● Task description
Exactly the lines from the beginning of the records below through the line with "在「白色洞穴」內,一名潛水員正在觀察落在洞穴裡的動物骨頭。" must be given again, without pictures.

● Information
=== Section Start ===

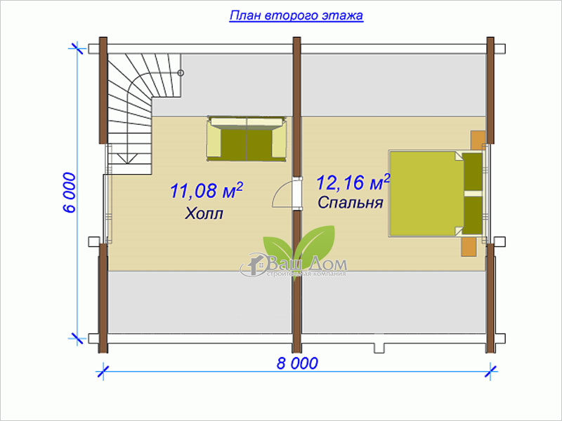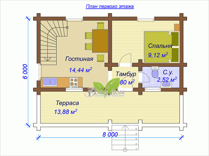 Проект деревянного сруба общей площадью 65 кв. м отлично подходит для постоянного проживания семьи из 2–3 человек. Планировка первого этажа удобная и продуманная: крытый тамбур с входом в санузел, уютная спальня и большая кухня-гостиная с лестницей на мансарду. У входа устроена широкая терраса под крышей. На втором этаже находятся холл и вторая спальня.
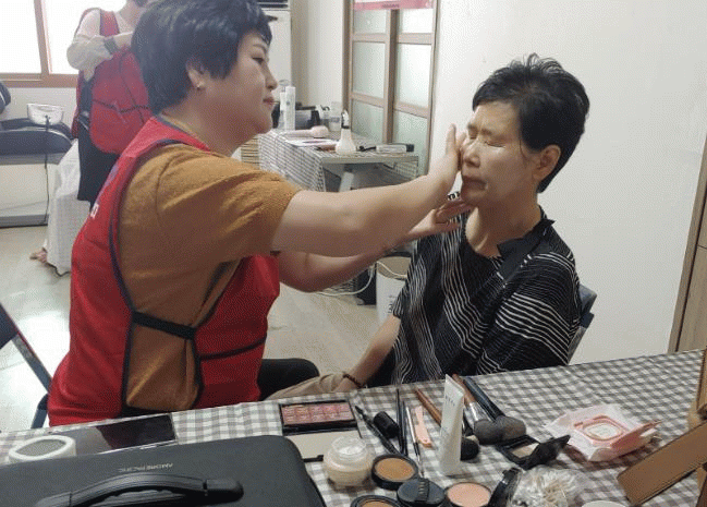¿µ¾ÏÀ¾¿¡ »ç´Â ÇØ½Â´Ô ºÀ»ç´Ü¿øÀº, 10¿© ³â Àü ¿µ¾ÏºÀ»ç´ÜÀÇ ½ÃÀÛºÎÅÍ ÇÔ²²ÇØ ¿µ¾Ï±º 120°³ ³Ñ´Â ¸¶À»ÀÇ ¾î¸£½Åµé¿¡°Ô ¸ÞÀÌÅ©¾÷À» ÇØÁá´Ù. ÇÑ ÈÀåǰ ȸ»çÀÇ Ä«¿î½½·¯·Î Àç´É±âºÎ¸¦ À̾î¿À°í ÀÖ´Â ±×´Â ¡°°áÈ¥ ÀÌÈķΠóÀ½, ½ÉÁö¾î ž¼ óÀ½À¸·Î ¸ÞÀÌÅ©¾÷À» ÇÑ´Ù´Â ¾î¸£½Åµµ ÀÖ´Ù. ±× ¾î¸£½ÅÀÌ ¿¹»µÁö´Â ¸ð½ÀÀ» ¿·¿¡¼ º¸°í, ´Ù¸¥ ¾î¸£½ÅµéÀÌ ¡®³ªµµ ÇØ´Þ¶ó¡¯°í ¸»ÇÒ ¶§ º¸¶÷ÀÌ Å©´Ù¡±°í ÀüÇß´Ù.
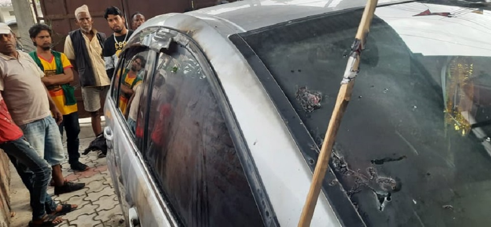 प्रहरी उपरीक्षक शान्तिराज कोइरालका अनुसार गौतमले घरमै पार्किङ गरेर राखेको बा १२ च ९३८४ नम्बरको कारमा आगजनी भएको हो।
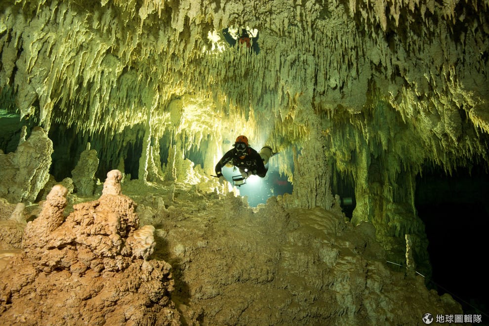 在「白色洞穴」內,一名潛水員正在觀察落在洞穴裡的動物骨頭。
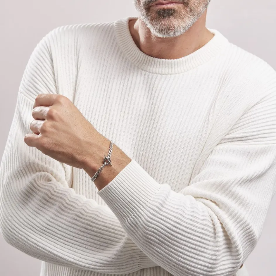 Bracelet Argent Blanc 925/1000 Fermeture Hexagone + Barrette Maille Gourmette 19cm
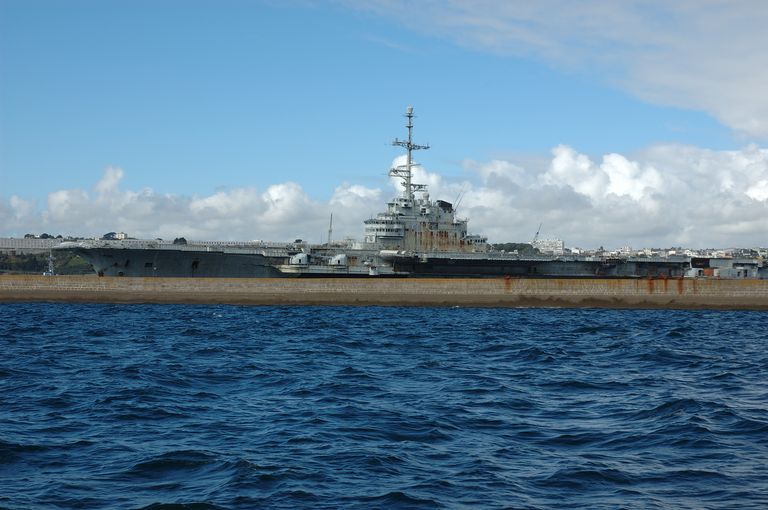 Vue de l'arsenal de Brest depuis la rade : le porte avion Clémenceau (R98 : désarmé le 1er octobre 1997, en attente de démolition. Appelé Q-790 depuis 2002.) dans l'attente de son démantèlementImmatriculation

=== Section End ===

● Result for this task
 Проект деревянного сруба общей площадью 65 кв. м отлично подходит для постоянного проживания семьи из 2–3 человек. Планировка первого этажа удобная и продуманная: крытый тамбур с входом в санузел, уютная спальня и большая кухня-гостиная с лестницей на мансарду. У входа устроена широкая терраса под крышей. На втором этаже находятся холл и вторая спальня.
¿µ¾ÏÀ¾¿¡ »ç´Â ÇØ½Â´Ô ºÀ»ç´Ü¿øÀº, 10¿© ³â Àü ¿µ¾ÏºÀ»ç´ÜÀÇ ½ÃÀÛºÎÅÍ ÇÔ²²ÇØ ¿µ¾Ï±º 120°³ ³Ñ´Â ¸¶À»ÀÇ ¾î¸£½Åµé¿¡°Ô ¸ÞÀÌÅ©¾÷À» ÇØÁá´Ù. ÇÑ ÈÀåǰ ȸ»çÀÇ Ä«¿î½½·¯·Î Àç´É±âºÎ¸¦ À̾î¿À°í ÀÖ´Â ±×´Â ¡°°áÈ¥ ÀÌÈķΠóÀ½, ½ÉÁö¾î ž¼ óÀ½À¸·Î ¸ÞÀÌÅ©¾÷À» ÇÑ´Ù´Â ¾î¸£½Åµµ ÀÖ´Ù. ±× ¾î¸£½ÅÀÌ ¿¹»µÁö´Â ¸ð½ÀÀ» ¿·¿¡¼ º¸°í, ´Ù¸¥ ¾î¸£½ÅµéÀÌ ¡®³ªµµ ÇØ´Þ¶ó¡¯°í ¸»ÇÒ ¶§ º¸¶÷ÀÌ Å©´Ù¡±°í ÀüÇß´Ù.
 प्रहरी उपरीक्षक शान्तिराज कोइरालका अनुसार गौतमले घरमै पार्किङ गरेर राखेको बा १२ च ९३८४ नम्बरको कारमा आगजनी भएको हो।
 在「白色洞穴」內,一名潛水員正在觀察落在洞穴裡的動物骨頭。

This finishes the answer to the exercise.